Enhancing Productivity with Persistent Context in Kiro CLI: A Guide to Implementing Custom Model Context Protocol (MCP) with Amazon Bedrock AgentCore Memory

Introduction

Agentic IDEs that forget previous conversations hinder productivity. Learn how to enhance Kiro CLI’s conversational memory and streamline your coding workflow.

Solution Overview

Explore the three main components of the solution: Amazon Bedrock AgentCore Memory, the Custom MCP Server, and Kiro CLI.

Walkthrough

Step-by-step instructions to set up your environment, from cloning the repository to configuring Kiro CLI for optimal use.

Test the Solution

Understand how to utilize Kiro CLI’s enhanced functionality to access and manage your conversation history effectively.

Cleaning Up

Instructions to remove resources created during the demonstration and prevent incurring future charges.

Conclusion

Summarize the key benefits of integrating a custom MCP server with Kiro CLI for improved context awareness and productivity enhancements.

About the Authors

Meet the experts behind this solution and their extensive backgrounds in cloud architecture and technical solutions.

Enhancing Productivity with Persistent Context: Leveraging Kiro CLI and Amazon Bedrock AgentCore Memory

In today’s fast-paced development environments, productivity hinges on efficient tools that adapt to our needs. Imagine this: you’ve been coding on a large project with intricate requirements for days or even weeks, but your Integrated Development Environment (IDE) only remembers your inputs during the current session. How frustrating it is to repeatedly set context in every new session! This redundancy not only wastes time but also hampers workflow and productivity.

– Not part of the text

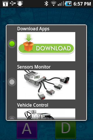 EV3 कमांडर ब्लूटूथ में / मोटर / डाउनलोड Mindstorms EV3 कि नियंत्रण एक आवेदन पत्र है। डाउनलोड / हटाना / चलाने / दूर से रोकने के कार्यक्रम, निगरानी सेंसर / नियंत्रण मोटर्स, और 3 अलग मोटर नियंत्रण मोड सहित 5 अलग अलग प्रकार के होते हैं।

In this blog post, we’ll explore how Kiro CLI can overcome this challenge by implementing a custom Model Context Protocol (MCP) server in tandem with Amazon Bedrock AgentCore Memory. This powerful combination allows AI agents to retain information from past interactions, which translates to smoother, more intelligent, context-aware conversations.

The Problem: Forgetting Context

Agentic IDEs that fail to recall previous conversations and insights can significantly slow down development processes. Every time you launch the IDE, you find yourself repeating the same contextual information—essentially starting from scratch. This repetitive context-setting can drain your productivity, making you less efficient over time.

A Solution Overview

The solution we propose leverages three main components:

  1. Amazon Bedrock AgentCore Memory: This fully managed service enables the storage and retrieval of conversational context, providing persistent memory capabilities and built-in semantic search. It effectively creates both short-term and long-term memory, allowing AI agents to retain context and learn from interactions.

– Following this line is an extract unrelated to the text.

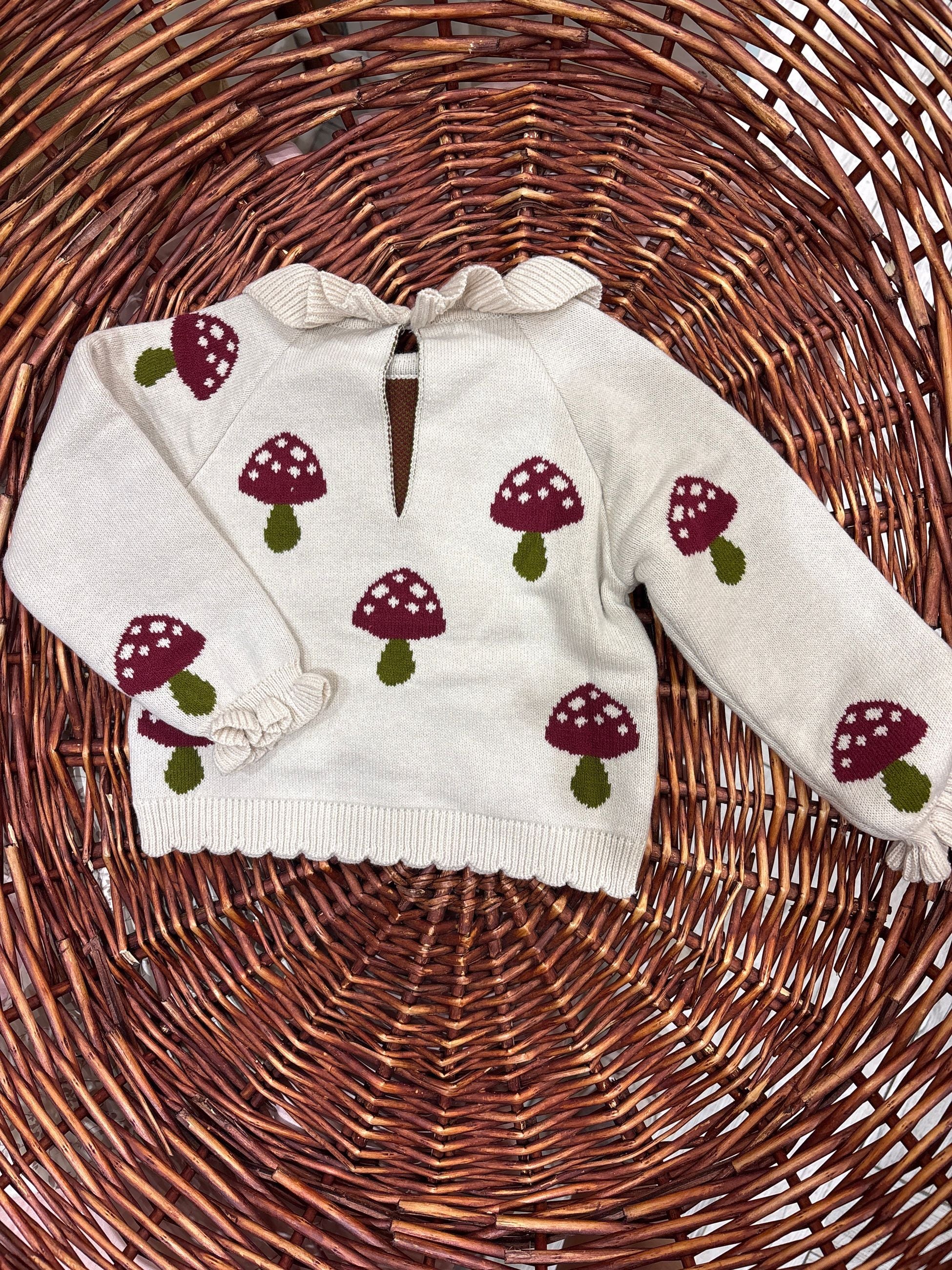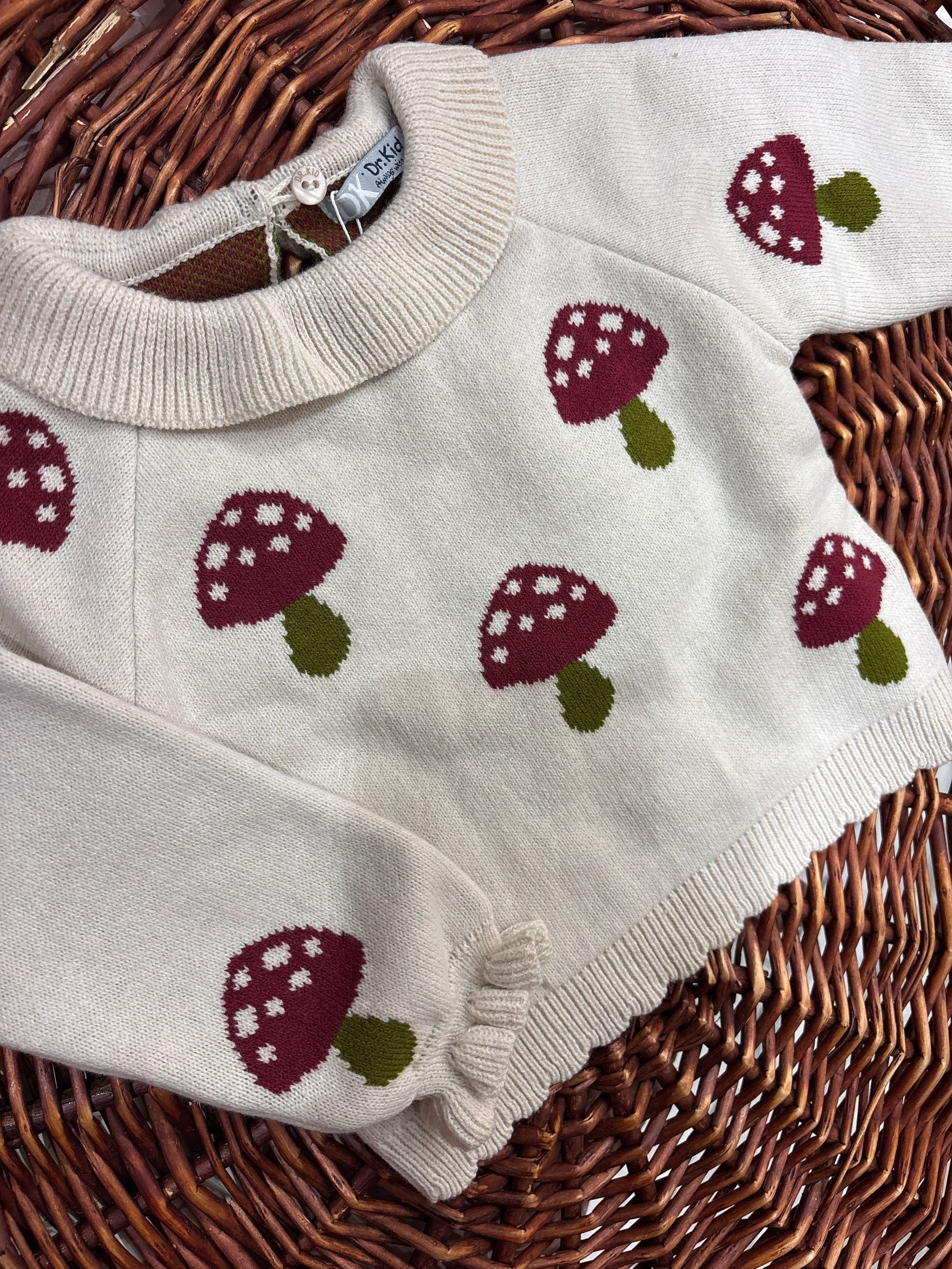 maglia lavorata con intarsi a contrato tema funghi,il colletto e le maniche rouches donano un tocco romantico

  2. Custom MCP Server: This component exposes the capabilities of Amazon Bedrock AgentCore Memory to MCP-compatible clients, enabling seamless memory operations.

  3. Kiro CLI: Integrating directly with the MCP server allows you to store and retrieve conversational history while leveraging memory from AgentCore.

With this architecture, your Kiro CLI becomes context-aware, remembering your preferences, project details, and workflows across sessions without the need to reintroduce the same information.

Tools at Your Disposal

The MCP server offers organized tools across three categories:

  • Conversation Tools: Search through conversation history by topic or timeframe, store sessions, and retrieve full conversation content.

  • Monitoring Tools: Monitor memory usage statistics and server configurations.

  • Management Tools: Delete specific sessions or data when necessary.

Implementation Walkthrough

To get started, make sure you have the necessary permissions set up through AWS IAM. Follow these steps in your terminal:

  1. Clone the Repository:

    git clone https://github.com/aws-samples/sample-amazon-bedrock-agentcore-memory-mcp-server.git
  2. Set Up Your Environment:

    cd sample-amazon-bedrock-agentcore-memory-mcp-server
    python3 -m venv venv
    source venv/bin/activate
    pip3 install -r requirements.txt
  3. Create Your Amazon Bedrock AgentCore Memory Resource:

    python3 setup_bedrock_agentcore_memory.py

When configuring your agent, you can choose between a User ID for personal use or a Project ID for team projects.

  1. Configure Kiro Agent:
    Execute the following commands to prepare your Kiro agent configuration:

    mkdir -p ~/.kiro/agents/
    mkdir -p ~/.kiro/hooks/
    cp -p agent/kiro_memory.json ~/.kiro/agents/
    cp -p hooks/* ~/.kiro/hooks/
    chmod 755 ~/.kiro/hooks/*
  2. Set Kiro Memory as Default:
    Add the following to your cli.json file:

    {"chat.defaultAgent": "kiro_memory"}

Log Into Kiro CLI

To log in:

kiro-cli login --use-device-flow

Follow the prompts to complete your login. After logging in, you can use /mcp to see your configured MCP servers and /tools to explore the available functionalities.

Testing the Solution

Invoke Kiro CLI and start asking questions relevant to your previous interactions:

  1. "What is AWS DevOps agent? Is it GA yet?"
  2. After allowing any tool access, exit Kiro CLI with /quit.
  3. Re-login and ask, "What have we discussed about the AWS DevOps agent?"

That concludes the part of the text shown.